Ingredients:
- 1 cup (226g) unsalted butter, room temperature
- 0.75 cup (150g) granulated sugar
- 1 large egg, room temperature
- 1 tsp pure vanilla extract
- 2.25 cups (280g) all-purpose flour
- 0.5 tsp baking powder
- 0.25 tsp fine sea salt
- 8 oz (225g) full-fat block cream cheese, softened
- 2 cups (240g) powdered sugar, sifted
- 1 tsp lemon zest
- 1.5 tbsp heavy cream
- 1 cup fresh blueberries
- 2 cups fresh strawberries, hulled and sliced
- 0.5 cup fresh raspberries
Instructions:
- Preheat your oven to 350°F (175°C). In a large bowl or stand mixer, cream the room-temperature butter and granulated sugar until pale and fluffy, approximately 3 minutes.
- Beat in the egg and vanilla extract until well combined. Gradually add the flour, baking powder, and salt, mixing until a soft dough forms. Do not overmix.

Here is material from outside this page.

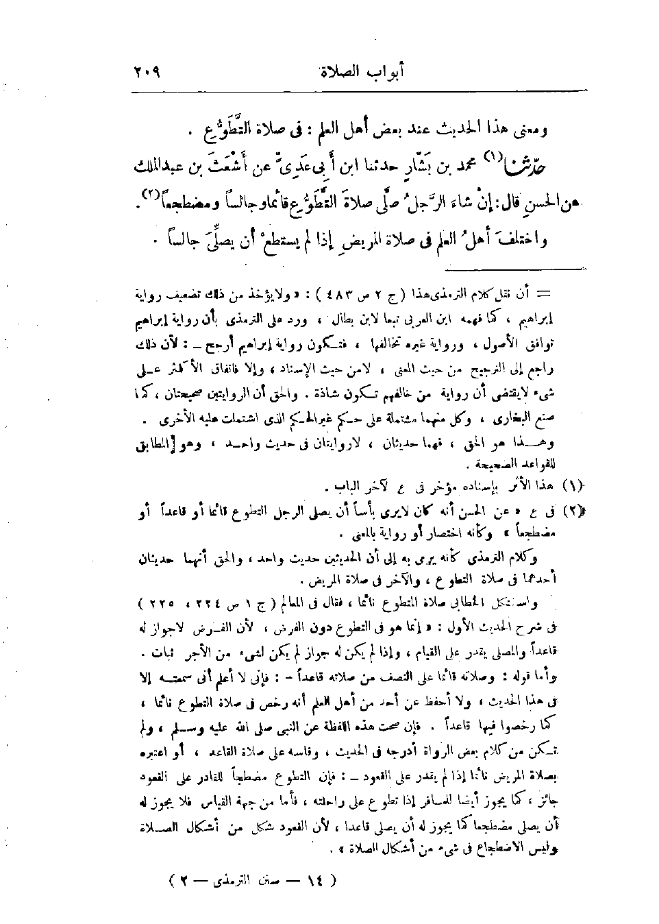 حَدَّثَنَا مُحَمَّدُ بْنُ بَشَّارٍ قَالَ: حَدَّثَنَا ابْنُ أَبِي عَدِيٍّ، عَنْ أَشْعَثَ بْنِ عَبْدِ المَلِكِ، عَنِ الحَسَنِ، قَالَ: «§إِنْ شَاءَ الرَّجُلُ صَلَّى صَلَاةَ التَّطَوُّعِ قَائِمًا، وَجَالِسًا، وَمُضْطَجِعًا»، " وَاخْتَلَفَ أَهْلُ العِلْمِ فِي صَلَاةِ المَرِيضِ إِذَا لَمْ يَسْتَطِعْ أَنْ يُصَلِّيَ جَالِسًا، -[210]- فَقَالَ بَعْضُ أَهْلِ العِلْمِ: إِنَّهُ يُصَلِّي عَلَى جَنْبِهِ الأَيْمَنِ، وقَالَ بَعْضُهُمْ: يُصَلِّي مُسْتَلْقِيًا عَلَى قَفَاهُ وَرِجْلَاهُ إِلَى القِبْلَةِ " وَقَالَ سُفْيَانُ الثَّوْرِيُّ: فِي هَذَا الحَدِيثِ: «مَنْ صَلَّى جَالِسًا فَلَهُ نِصْفُ أَجْرِ القَائِمِ» قَالَ: هَذَا لِلصَّحِيحِ وَلِمَنْ لَيْسَ لَهُ عُذْرٌ، فَأَمَّا مَنْ كَانَ لَهُ عُذْرٌ مِنْ مَرَضٍ أَوْ غَيْرِهِ فَصَلَّى جَالِسًا فَلَهُ مِثْلُ أَجْرِ القَائِمِ «،» وَقَدْ رُوِيَ فِي بَعْضِ هَذَا الحَدِيثِ مِثْلُ قَوْلِ سُفْيَانَ الثَّوْرِيِّ "

- Line a 12-inch pizza pan with parchment paper. Press the dough evenly into the pan, leaving a half-inch border. Bake for 12 minutes until the edges are just barely golden. Allow the crust to cool completely.
- In a medium bowl, whip the softened cream cheese, sifted powdered sugar, lemon zest, and heavy cream until smooth and spreadable.
- Using an offset spatula, spread the cream cheese icing evenly over the cooled sugar cookie crust, creating a moisture barrier for the fruit.
- Arrange the blueberries in the top-left quadrant to represent the stars. Arrange sliced strawberries and raspberries in alternating horizontal rows to create the stripes. Chill for at least 30 minutes before slicing.